No, the Church does not support illegal immigration, it's the bishops who profit from it.

No, the Church does not support illegal immigration, it's the bishops who profit from it.

No, the Church does not support the mass regularization of illegal immigrants. Those who support it are a part of the Spanish episcopate. And confusing the two is not an innocent mistake: it is an ecclesiological falsification.

Every time a media outlet headlines that “the Church” backs a specific government measure, a conceptual trap is consummated that benefits everyone except the faithful. Because the Church is not the Episcopal Conference. Nor does the Episcopal Conference command the Church. Nor does it automatically speak in its name when it issues political opinions.

Catholic doctrine is clear and perfectly defined. In the Church, there is a distinction of missions. It is the bishops’ responsibility to teach the faith, safeguard the doctrine, sanctify through the sacraments, and govern in strictly ecclesial matters. To the laity, on the other hand, corresponds a specific and proper task: to order temporal realities according to the Gospel.

That includes politics, the economy, legislation, social organization. That is: precisely the terrain where today we see bishops occupying the space that does not correspond to them, while they de facto discredit—although they don’t say it—the laity who do have direct competence in those matters.

When a bishop presents a mass regularization decided by a specific government as morally indisputable, he is not exercising his magisterium. He is issuing a prudential opinion. And prudential opinions do not bind in conscience. Neither the faithful, nor the laity, nor anyone.

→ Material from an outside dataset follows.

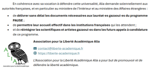 Communiqué de presse de l’Association pour la Liberté Académique (Alia) Le 1er février 2026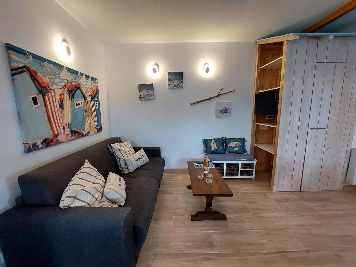 Complètement rénovée, aménagement agréable: séjour/salle à manger avec 1 divan-lit double (140 cm, longueur 190 cm), TV (écran plat).

Even more: when that opinion coincides millimeter by millimeter with the ideological framework of a political power that legislates systematically against natural law and against the Catholic faith, the problem is no longer just one of competence, but of scandal.

Catholic laity are not called to repeat episcopal statements like pious parrots. They are called to judge political reality with reason enlightened by faith, to legitimately disagree when a measure harms the common good, and to defend different solutions without feeling guilty or disobedient.

Saying that “the Church supports regularization” is a crude way to silence that legitimate disagreement. It is to turn a debatable political option into a non-existent moral mandate. It is to use the cassock as an alibi.

It is advisable to remember this clearly, even if it bothers: the Church does not vote on decrees, does not draft BOE nor manage borders. And when some bishops seem to forget it, they are not speaking in the name of the Church, but in their own name.

Confusing the two is not communion. It is clericalism. And the bad kind.